Step 4: Altering the Decision Threshold
Altering the decision threshold will allow us to catch more true positive samples by increasing the sensitivity of the model. This increase in sensitivity will come at a cost, however, causing a decrease in the precision of our model. But, that’s ok! We are most concerned with catching the true positives in this data and aren’t nearly as worried about false positives. Below is a look at our model’s precision-recall curve to get a better understanding of the tradeoff between the two measures prior to changing the decision threshold.
from sklearn.metrics import precision_recall_curve
# Get class probability scores
y_scores = best_grid_model.predict_proba(X_test)[:, 1]
# Returns precision-recall pairs for different probability thresholds
p, r, thresholds = precision_recall_curve(y_test, y_scores)
viz_df = pd.DataFrame({'Precision':p, 'Recall':r})
sns.lineplot(data = viz_df, x = "Recall", y = "Precision")
For us to achieve perfect recall, the model’s precision is going to suffer quite a bit. Again, that’s OK because of this project’s main goal to effectively catch positive samples. Let’s iteratively lower the decision threshold until we achieve perfect recall.
def adjusted_classes(y_scores, t):
# If pred probability is greater than or equal to threshold it is positive
return [1 if y >= t else 0 for y in y_scores]
# Default sklearn logistic regression threshold
init_threshold = 0.5
pred = adjusted_classes(y_scores, init_threshold)
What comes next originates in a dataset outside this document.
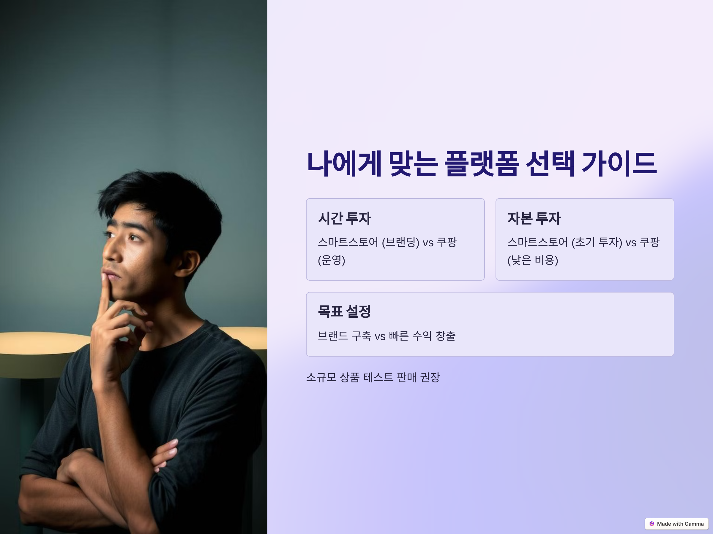 결론적으로 두 플랫폼은 운영 방식에 차이가 크기 때문에 본인의 라이프스타일과 리소스를 고려해 결정하는 것이 바람직합니다. 직접 운영과 브랜딩을 원한다면 스마트스토어, 간편한 시스템과 빠른 판매를 원한다면 쿠팡이 어울립니다. 특히 리스크가 적은 소규모 테스트부터 시작하는 전략이 초보자에게는 가장 안전합니다. 두 플랫폼 모두 잠재력은 충분하므로 비교 분석 후 자신 있게 시작해 보세요!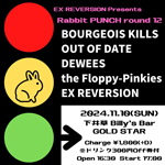 | 11/10 | Sun | EX REVERSION presents 『RABBIT PUNCH round 12』 @ 下井草 Billy‘s Bar GOLD STAR 【出演】 ①EX REVERSION ②BOURGEOIS KILLS ③Out of date ④DEWEES ⑤the Floppy Pinkies ■Open16:30 ■Start17:00 ■Charge ¥1,800(+D) ※ドリンク300円Off券付! ■Bar Time 20:30~ ![]() |

recall = recall_score(y_test, pred)
# Stops when recall is perfect
while recall != 1.0:
init_threshold = init_threshold - 0.001
pred = adjusted_classes(y_scores, init_threshold)
recall = recall_score(y_test, pred)
print("Maximum Threshold for Perfect Recall:", init_threshold)
show_confusion(y_test, pred)
Maximum Threshold for Perfect Recall: 0.3679999999999999
There you have it - a very sensitive model that doesn’t always spit out the positive class!